Si rude soit le début - Javier Marias
Juan de Vere, le narrateur, se remémore ce qu’il lui est arrivé une vingtaine d’années plus tôt. Alors tout juste sorti de l’université, il devient le secrétaire particulier d’Édouardo Muriel, cinéaste. Pour des raisons pratiques ce dernier l'installe dans l’appartement où il vit avec sa femme Béatrix et ses 3 enfants. Une nuit il surprend le couple qui se déchire. Témoin involontaire il devient le voyeur d’une scène de ménage où son employeur humilie sa femme avec des propos outrageants et un comportement odieux.
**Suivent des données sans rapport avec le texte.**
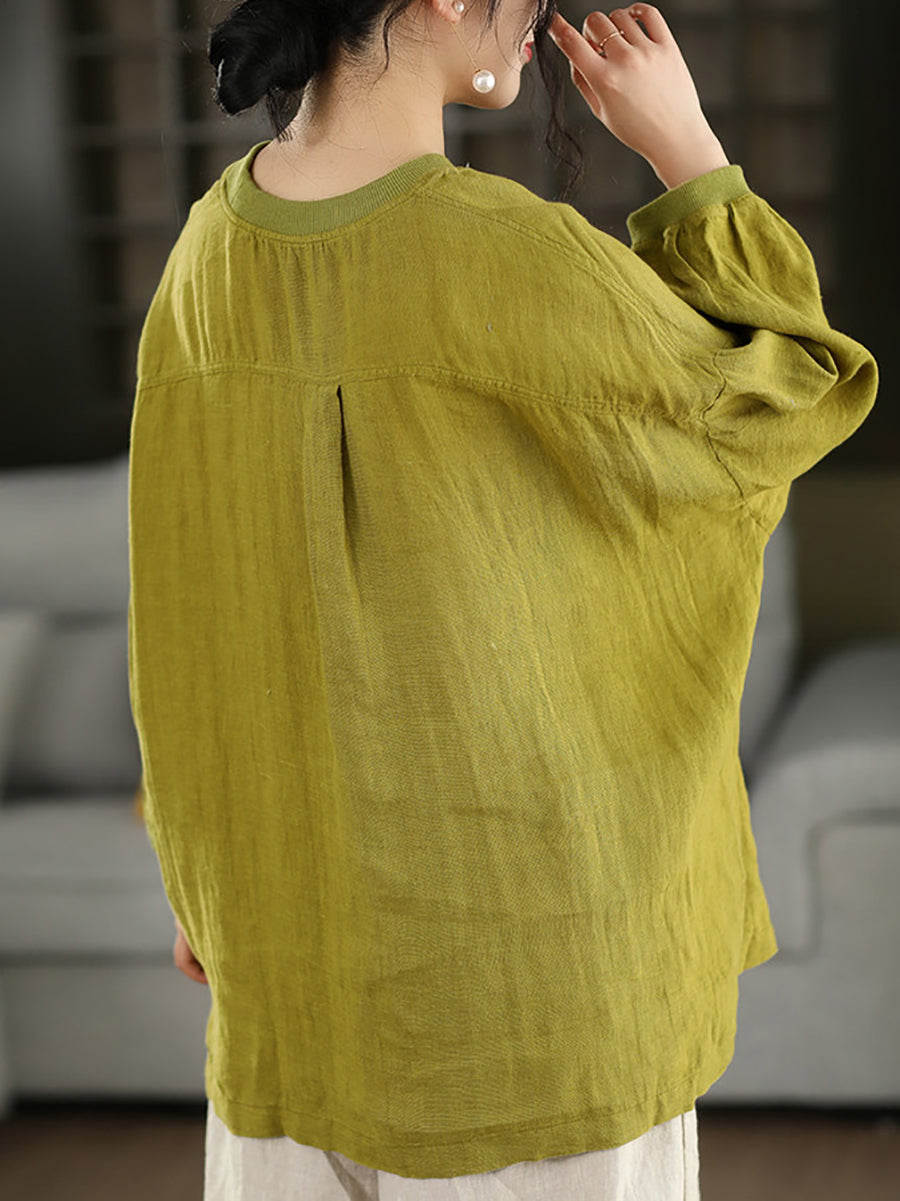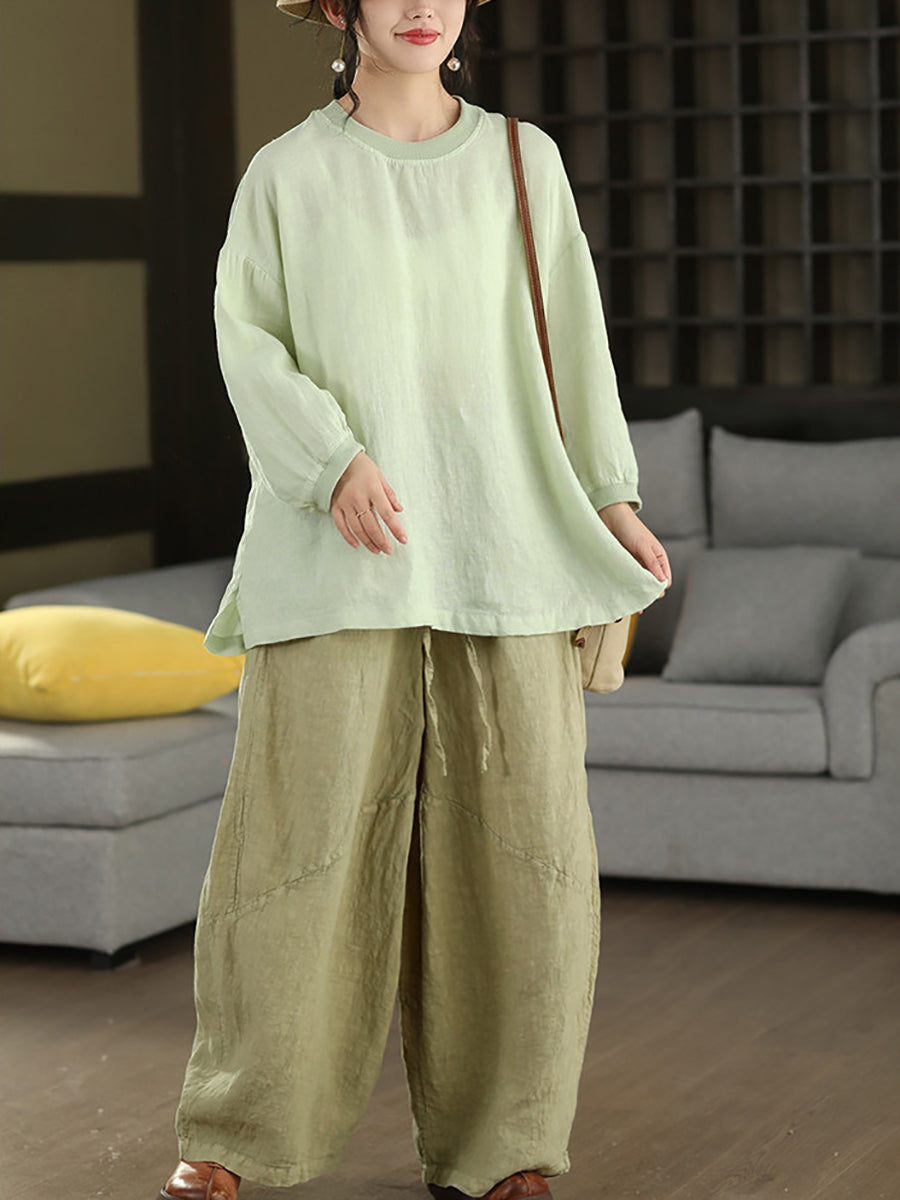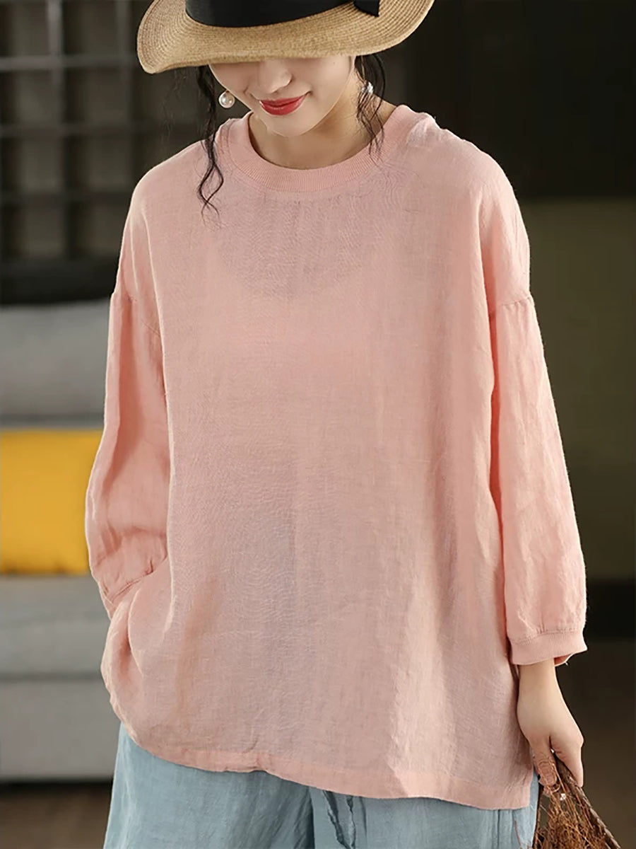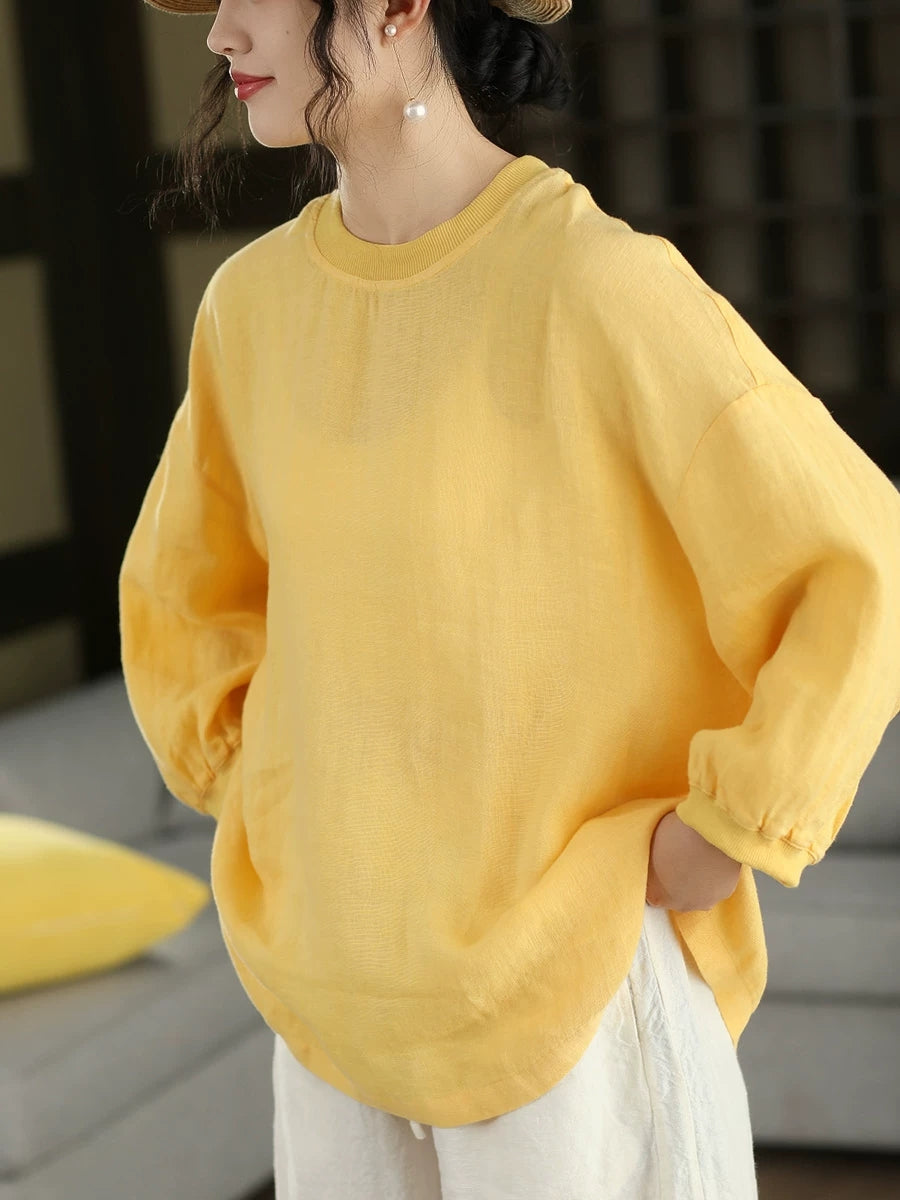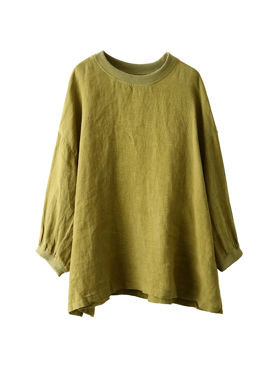 Women Summer Artsy Pure Color 100%Linen Blouse
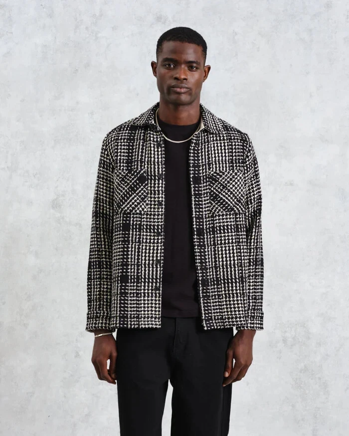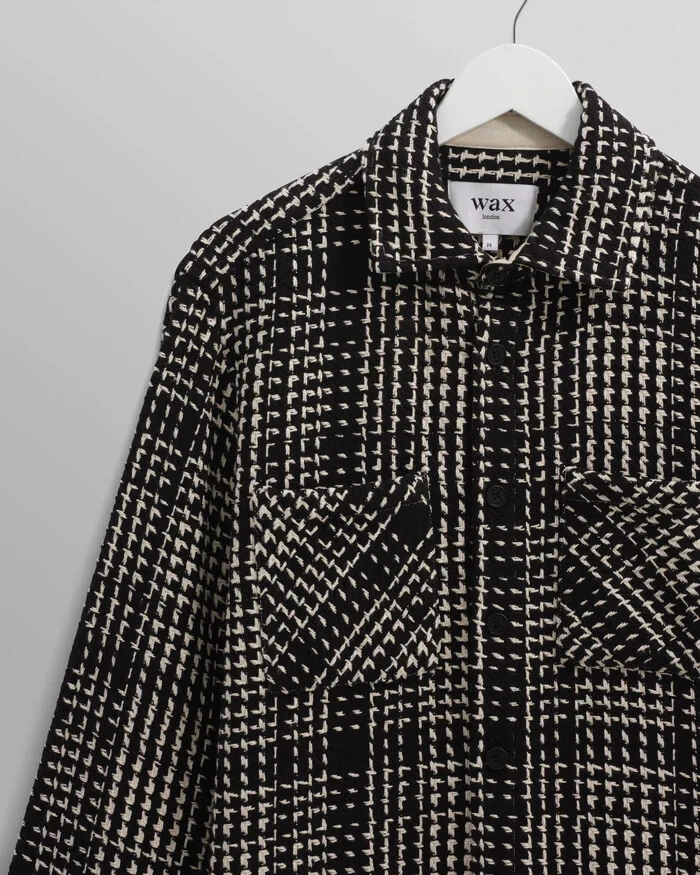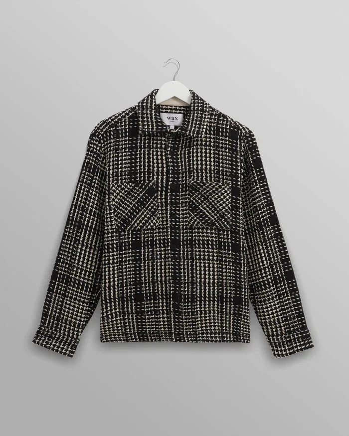 The Wax signature piece. The Whiting, our year-round staple, returns in a new woven design that mixes black and ecru yarns. This fabric is made sustainably by a family-run French mill using recycled cotton and features environmentally-friendly Corozo nut buttons and front patch pockets. Is it a shirt? Is it a mid-layer? Is it a jacket? It's all of those things and much, much more. The Wax Team is striving to make the most responsible choices in the production of our collections, which is why our products are mindfully designed and made to last. Designed to last Renewable tagua palm buttons Oekotex STEP fabric mill Traceable materials European fabric Low transport CO2 emmisions Responsibly manufactured
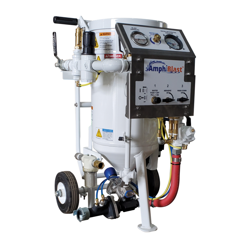 The Schmidt AmphiBlast™ Mini 1.5 cu. ft. is a highly portable, compact blasting system that provides both wet and dry blasting in one unit. As the smallest and lightest in the AmphiBlast family, it is designed for easy maneuvering into tight job sites and hard-to-access locations, offering maximum versatility and performance. Unlike traditional systems that mix water and abrasive inside the vessel (aka slurry blaster), the AmphiBlast system injects water into the blast stream after the metering valve. This design allows for fine-tuned control over the air, abrasive, and water flow, ensuring optimal blasting efficiency and minimal material waste. Operators can easily switch between wet and dry blast, blowoff, and Softwash™ modes without having to reset blasting parameters, using a centralized control panel. The system also features the Schmidt Tera Valve™ XL, ensuring precise and repeatable abrasive metering for coarse and fine media. Key Features & Benefits
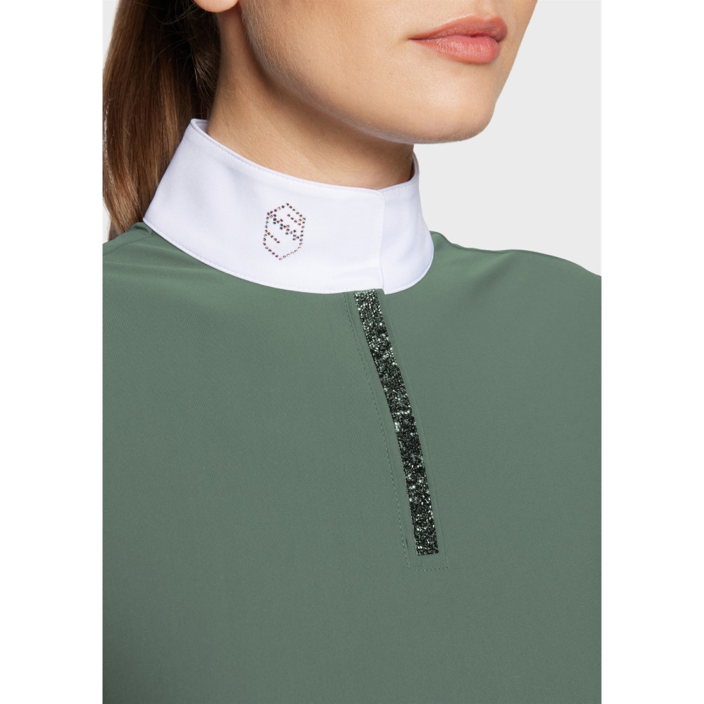 Le haut de compétition Roxy Premium incarne une élégance maîtrisée, pensée pour les cavalières qui recherchent précision et distinction. Sa coupe cintrée associée à un col haut classique structure la silhouette avec justesse et apporte une allure nette, naturellement sophistiquée.
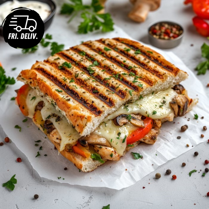 Ingredients: Chicken Breast, Panini Bread, Provolone Cheese, Cheddar Cheese, Mushroom, Red Capsicum, Onion, Aioli Sauce, Worcestershire Sauce, Olive Oil, Salt, Black Pepper.
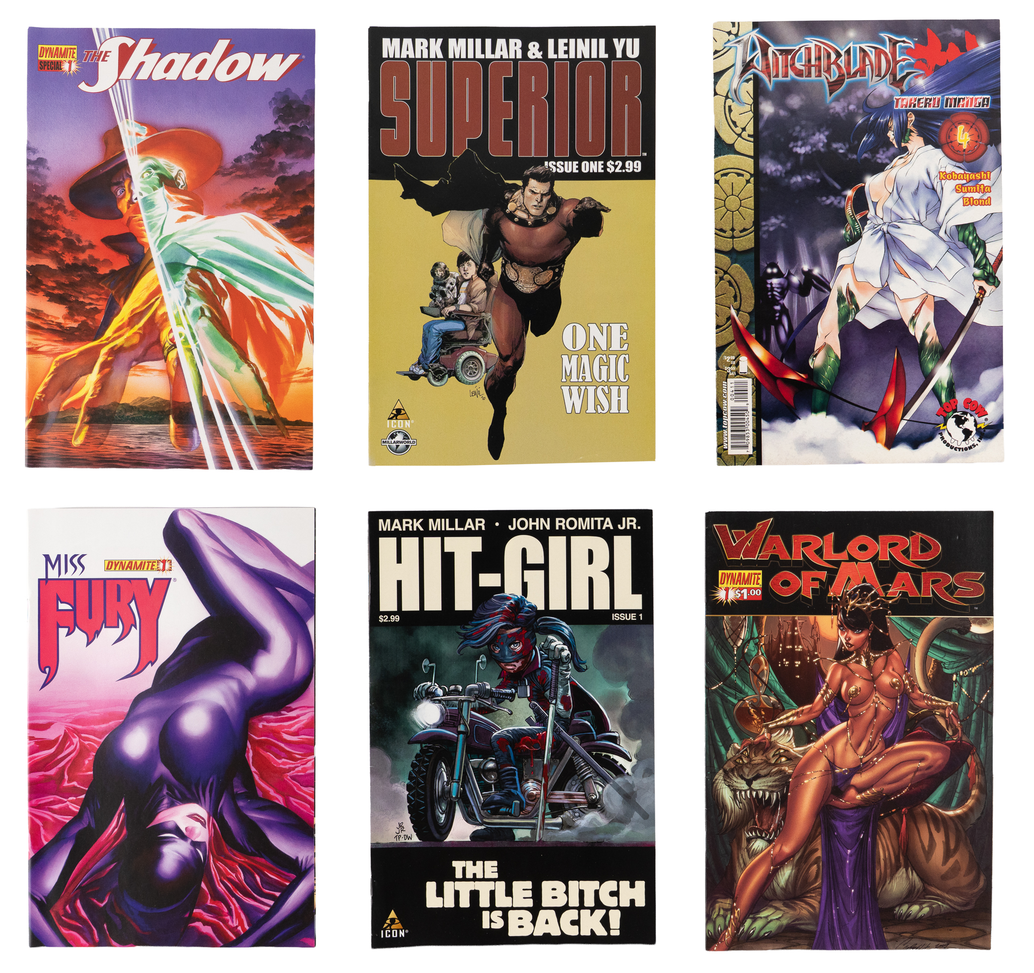 Ex Machina #29 (F), Authority #1 (NM/VF), Hell Mouth #1 (VF/F), Chilling Adventures of Sabrina #1(VF), The Shadow Annual #1 (NM/VF), Red Sonja (2015) #1 (VF/F), Bettie Page #4 (VF/F), Witchblade Manga #4 (VF), Superior #1 (VG/G), The Shadow Special #1 (VF/F), Miss Fury #1 (VF/F), Warlord of Wars #1 (VG/G), Hit-Girl #1 (VF/F), Echo #1 (VF/F)
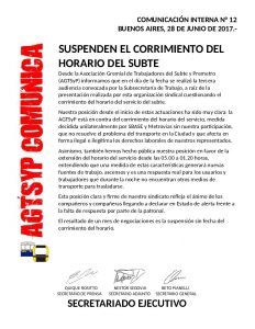 BUENOS AIRES, 23 DE JUNIO DE 2017 Desde la Asociación Gremial de Trabajadores del Subte y Premetro, informamos que en...
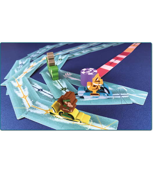 レーサーたちが進んだ後には美しい波しぶきのカードが机にのこされて、レースが進むと古い波しぶきのカードから回収されていきます。ゲームの流れの中で波しぶきが起こり消えていく様子が見事に表現されており、水上レースならではの没入感が楽しめます。
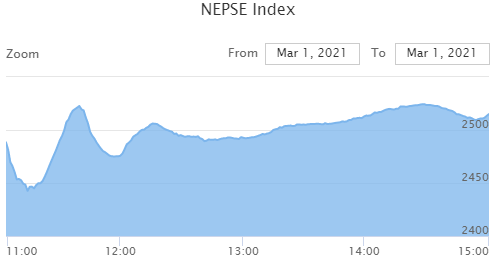The NEPSE index gained 40.64 points on a highly volatile day today and closed at 2,515.03. The index opened at 2,488.33 and made an intraday low at 2,442.60. The index gained in intraday action today, going as high as 2,524.4. With this, total volatility of 81.8 points was observed in the trading session today.
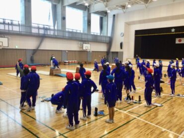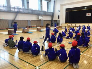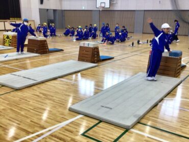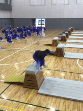 5年生が跳び箱の”横跳び越し”に取り組んでいます。
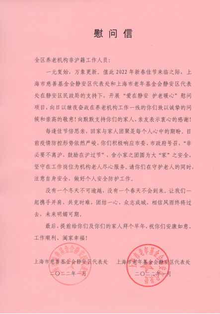 上海市慈善基金会静安区代表处、上海市老年基金会静安区代表处的慰问信,也让万分感动与温暖,涌入了福利院员工们的心头。
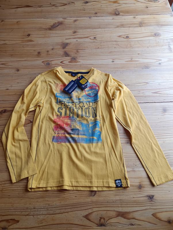 Желтая футболка с длинным рукавом нового итальянского бренда на мальчика на рост 146 см.Замеры:плечи 36 см, пог 40 см, длина рукава 56 см, длина кофты 56 см

Juan cherche alors à percer le secret qui mine ce mariage jusqu’au désastre.
Dans le même temps le cinéaste demande à son jeune employé d’enquêter sur le docteur Van Vechten, pédiatre reconnu, ami de longue date et sur lequel il a appris que celui-ci "n’a pas toujours été tel qu’il est à présent, pas tel qu’on l’a connu, ni tel qu’il a toujours cru qu’il était". Des soupçons graves pèsent sur lui.
Début 1980 l’Espagne est entrée dans un processus de transition démocratique depuis la mort de franco. C’est la movida, la jeunesse espagnole aspire à la liberté, au renouveau culturel. Muriel peut librement exercer son métier et Juan faire la fête le soir.
Mais la guerre n’est pas loin et la loi d’amnistie de 1977 ne signifie pas amnésie. La confiance est entachée des trahisons du passé. La suspicion omniprésente.
Les thèmes abordés sont universels l’amour et la haine, la trahison, l’amitié, l’impossible pardon, la tentative de l’oubli, l’importance qu’on accorde aux événements...
L’étude et l’histoire du couple de Muriel et Béatrix interpellent le lecteur, pique sa curiosité jusqu'à faire naître un sentiment de trouble. J’aime particulièrement les longues digressions méditatives propres au style de Javier Marias, m’enliser dans l’épaisseur de ses phrases. Elles soulèvent les questions qui sillonnent les chemins capricieux, complexes et ambiguës de l’âme. J’ai moins goûté l’intrigue du docteur Van Vechten, plus convenue, mais apprécié la description psychologique du personnage.
Juan de verre fait, avec recul, une analyse lucide de son apprentissage de la vie, des personnages qui l’accompagnent, du temps qui passe... la langue est riche, sensuelle et nostalgique.